Apart from its surface expression, LAG-3 can also be stored in lysosomes, and it is translocated to the membranes of activated T cells via its cytoplasmic domain by protein kinase C signaling [
27].
3. LAG-3 Ligands
MHC-II molecules are considered the canonical ligand of LAG-3, with which it stably interacts through the D1 domain with a significantly higher affinity than with CD4 [
20]. This association negatively regulates T cell activation, cytotoxicity, and cytokine production [
28]. In fact, LAG-3-Ig fusion proteins act as competitors in CD4/MHC class II-dependent cellular adhesion assays [
29]. Once LAG-3 is bound to MHC-II, it transmits inhibitory signals via its cytoplasmic domain and inhibits CD4 T cell activation [
1,
2]. Nevertheless, the molecular mechanisms of signal transduction remain broadly unknown compared to other immune checkpoint molecules. LAG-3:MHC class II binding contributes to tumor escape from apoptosis [
30] and facilitates recruitment of tumor-specific CD4 T cells, but with a reduction of the CD8 T cell response [
31].
Initially, the high-affinity LAG-3:MHC class II interaction was proposed to be the main mechanism of the inhibitory activities of LAG-3 through competition with CD4:MHC II binding [
1,
2]. However, it still remains controversial whether the interaction with MHC-II is solely responsible for mediating LAG-3 immunosuppressive functions, in light of the recent identification of additional ligands.
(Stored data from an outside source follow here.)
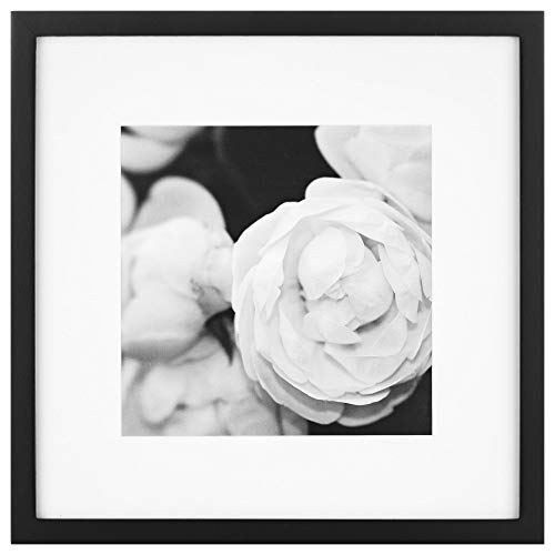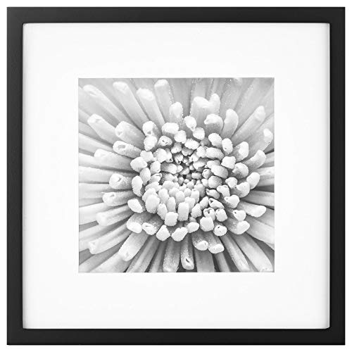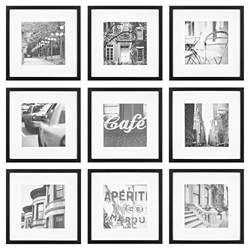 Nine square photo frames in black wood with removable classic white mats
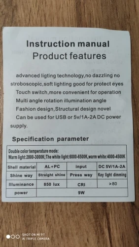 Хорошая лампа, работает без нареканий, три режима света: желтый, белый, светло-голубой, также меняется яркость, где-то около 7 щелчков, лампа качественная, крепление хорошее, сама посылка пришла немного помятой, но внутри были специальные чехлы чтобы не поцарапать стойку и лампу, также была приклеена дополнительная пленка к светодиодам, короче оценка 5/5.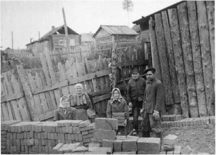 Рабочие кирпичного завода загружают кирпичи. Болтурино, Кежемский район, Красноярский край, около 1955 года.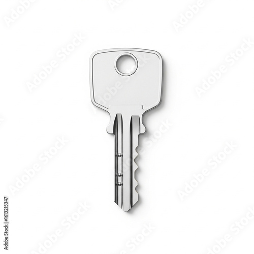 plain silver key isolated on white background suitable for real estate homeownership and office access designs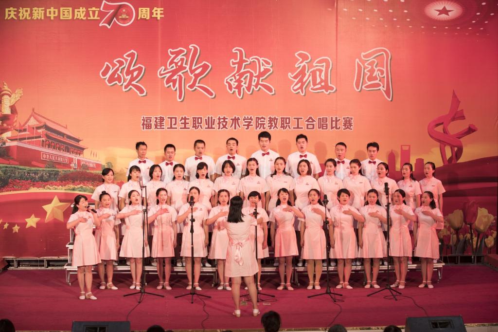 嘹亮的歌聲,喚起中華兒女的自豪和向往;優(yōu)美的旋律,奏響中華民族偉大復(fù)興的壯麗樂(lè)章。9月26日,“頌歌獻(xiàn)祖國(guó)”福建衛(wèi)生職業(yè)技術(shù)學(xué)院慶祝新中國(guó)成立70周年教職工合唱比賽在學(xué)術(shù)廳拉開(kāi)帷幕,由各部門各系部組成的8支參賽隊(duì)伍用動(dòng)聽(tīng)的歌聲向祖國(guó)獻(xiàn)上最美好的祝福。經(jīng)過(guò)激烈角逐,護(hù)理系代表隊(duì)合唱的歌曲《彈起我心愛(ài)的土琵琶》、《年輕的朋友來(lái)相會(huì)》榮獲一等獎(jiǎng)。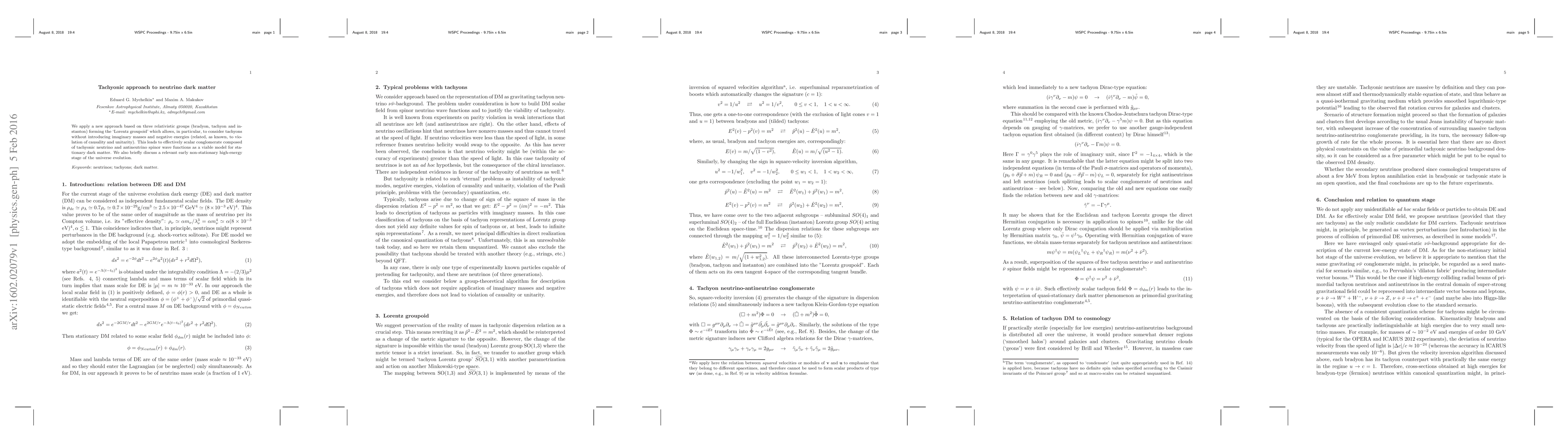 We apply a new approach based on three relativistic groups (bradyon, tachyon and instanton) forming the `Lorentz groupoid' which allows, in particular, to consider tachyons without introducing imaginary masses and negative energies (related, as known, to violation of causality and unitarity). This leads to effectively scalar conglomerate composed of tachyonic neutrino and antineutrino spinor wave functions as a viable model for stationary dark matter. We also briefly discuss a relevant early non-stationary high-energy stage of the universe evolution.

The second LAG-3 ligand to be described was galectin-3 (Gal-3), a 31 kDa galactose-binding lectin that modulates T cell activation. Gal-3 has been shown to be highly expressed in various tumor cells and in activated T lymphocytes [
32,
33,
34,
35]. Gal-3 binds to LAG-3 and appears to be required for optimal inhibition of CD8 T cell cytotoxic function. Gal-3 shapes antitumor-specific immune responses by suppressing activated antigen-committed CD8 T cells via LAG-3 expression in the tumor microenvironment and inhibiting expansion of plasmacytoid dendritic cells [
35].
The liver-secreted protein fibrinogen-like protein 1 (FGL1) was recently identified as a new LAG-3 functional ligand [
36]. FGL1 is a member of the fibrinogen family and possesses immunosuppressive activities by inhibiting antigen-specific T cells through LAG-3 binding. FGL1 interacts with LAG-3 via the fibrinogen-like domain with the D1 and D2 Ig-like domains of LAG-3. Its expression is induced by IL-6 and is highly up-regulated in several human cancers such us lung cancer, prostate cancer, melanoma, and colorectal cancer. Indeed, it was demonstrated that elevated plasma FGL1 levels were associated with poor cancer outcomes and anti-PD-1 therapy resistance [
36]. Thus, this binding was described as a novel mechanism of immune evasion, and its blockade potentiated anti-tumor T cell immunity in pre-clinical models. The FGL1/LAG-3 blockade may synergize with anti-PD-1/anti-PD-L1 therapy. A single point mutation (Y73F) in the D1 C’ strand domain of LAG-3 disrupted LAG-3/MHC-II binding [
3,
4,
20], but not FGL1-Ig binding. Nevertheless, this mutant LAG-3 could still inhibit T cells, demonstrating that FGL1/LAG-3 interactions correspond to a tumor immune evasion mechanism which is non-redundant to MHC-II binding.
Taken together, these data suggest that LAG-3 interactions with several ligands are important for its inhibitory function, and unlike what was thought before, LAG-3 does not function primarily by disrupting CD4:MHC-II interactions.